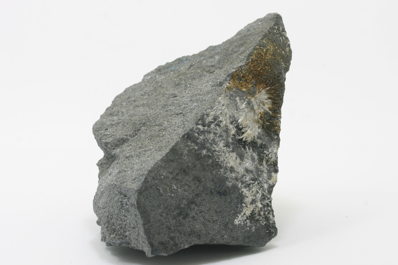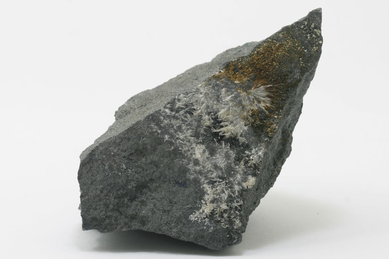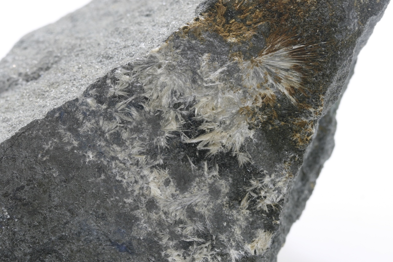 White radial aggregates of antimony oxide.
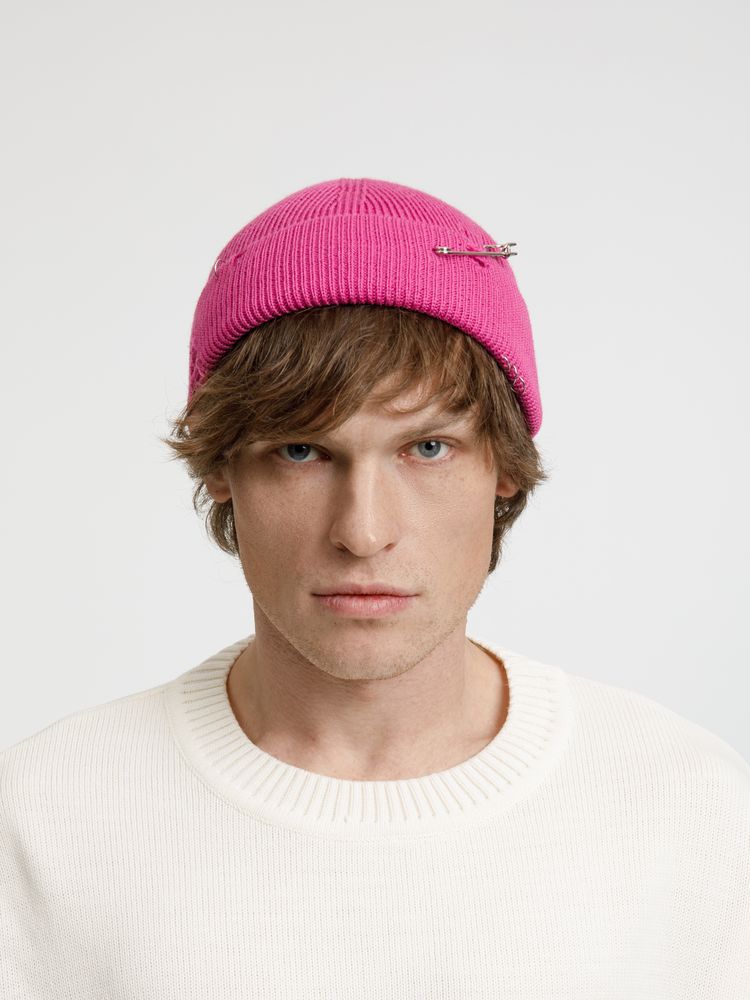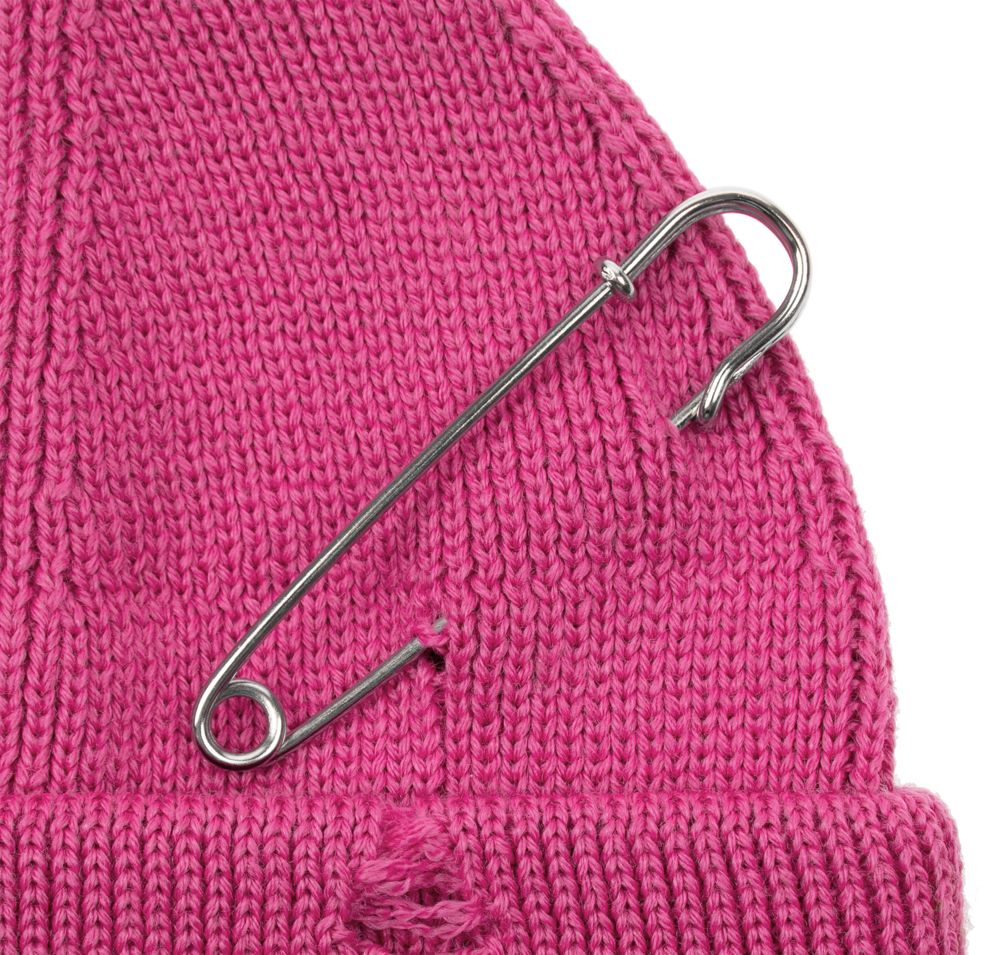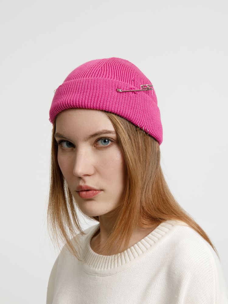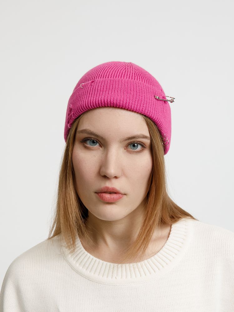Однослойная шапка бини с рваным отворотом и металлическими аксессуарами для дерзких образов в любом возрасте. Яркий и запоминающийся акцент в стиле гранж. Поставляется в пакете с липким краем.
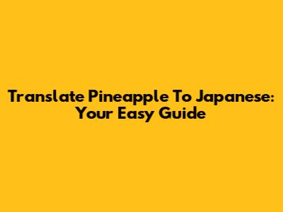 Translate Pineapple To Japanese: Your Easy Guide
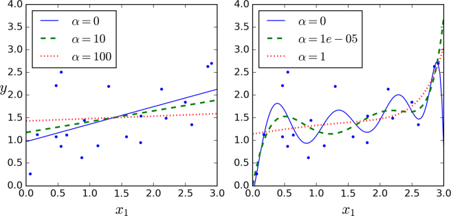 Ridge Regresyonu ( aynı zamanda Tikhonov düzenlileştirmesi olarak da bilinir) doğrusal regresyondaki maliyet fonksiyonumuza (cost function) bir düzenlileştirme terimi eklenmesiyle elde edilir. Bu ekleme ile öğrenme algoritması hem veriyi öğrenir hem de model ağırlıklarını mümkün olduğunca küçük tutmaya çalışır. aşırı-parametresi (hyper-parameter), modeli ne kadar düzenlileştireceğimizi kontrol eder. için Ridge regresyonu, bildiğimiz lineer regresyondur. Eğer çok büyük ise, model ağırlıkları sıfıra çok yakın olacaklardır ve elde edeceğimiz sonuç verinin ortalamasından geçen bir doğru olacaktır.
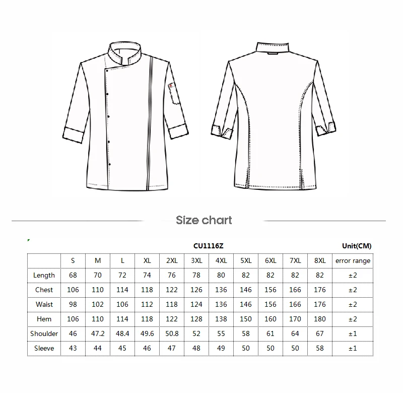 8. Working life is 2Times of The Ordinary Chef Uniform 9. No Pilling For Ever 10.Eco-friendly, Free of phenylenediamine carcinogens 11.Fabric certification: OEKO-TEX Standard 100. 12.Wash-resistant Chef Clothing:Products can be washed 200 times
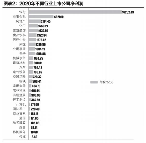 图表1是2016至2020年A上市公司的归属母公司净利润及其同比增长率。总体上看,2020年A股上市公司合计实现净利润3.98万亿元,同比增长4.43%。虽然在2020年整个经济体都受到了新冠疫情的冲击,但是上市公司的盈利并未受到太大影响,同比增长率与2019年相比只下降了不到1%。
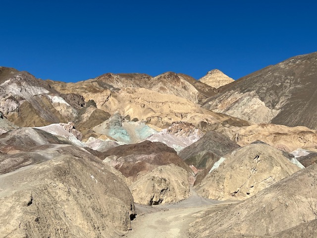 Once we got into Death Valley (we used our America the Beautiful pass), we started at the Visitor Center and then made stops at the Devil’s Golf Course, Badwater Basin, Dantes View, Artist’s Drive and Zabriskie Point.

··········

Problem to solve => Everything in the records that precede this task must be written out again exactly, except the pictures.

Answer to this exercise =>
 White radial aggregates of antimony oxide.
Однослойная шапка бини с рваным отворотом и металлическими аксессуарами для дерзких образов в любом возрасте. Яркий и запоминающийся акцент в стиле гранж. Поставляется в пакете с липким краем.
 Translate Pineapple To Japanese: Your Easy Guide
 Ridge Regresyonu ( aynı zamanda Tikhonov düzenlileştirmesi olarak da bilinir) doğrusal regresyondaki maliyet fonksiyonumuza (cost function) bir düzenlileştirme terimi eklenmesiyle elde edilir. Bu ekleme ile öğrenme algoritması hem veriyi öğrenir hem de model ağırlıklarını mümkün olduğunca küçük tutmaya çalışır. aşırı-parametresi (hyper-parameter), modeli ne kadar düzenlileştireceğimizi kontrol eder. için Ridge regresyonu, bildiğimiz lineer regresyondur. Eğer çok büyük ise, model ağırlıkları sıfıra çok yakın olacaklardır ve elde edeceğimiz sonuç verinin ortalamasından geçen bir doğru olacaktır.
 8. Working life is 2Times of The Ordinary Chef Uniform 9. No Pilling For Ever 10.Eco-friendly, Free of phenylenediamine carcinogens 11.Fabric certification: OEKO-TEX Standard 100. 12.Wash-resistant Chef Clothing:Products can be washed 200 times
 图表1是2016至2020年A上市公司的归属母公司净利润及其同比增长率。总体上看,2020年A股上市公司合计实现净利润3.98万亿元,同比增长4.43%。虽然在2020年整个经济体都受到了新冠疫情的冲击,但是上市公司的盈利并未受到太大影响,同比增长率与2019年相比只下降了不到1%。
 Once we got into Death Valley (we used our America the Beautiful pass), we started at the Visitor Center and then made stops at the Devil’s Golf Course, Badwater Basin, Dantes View, Artist’s Drive and Zabriskie Point.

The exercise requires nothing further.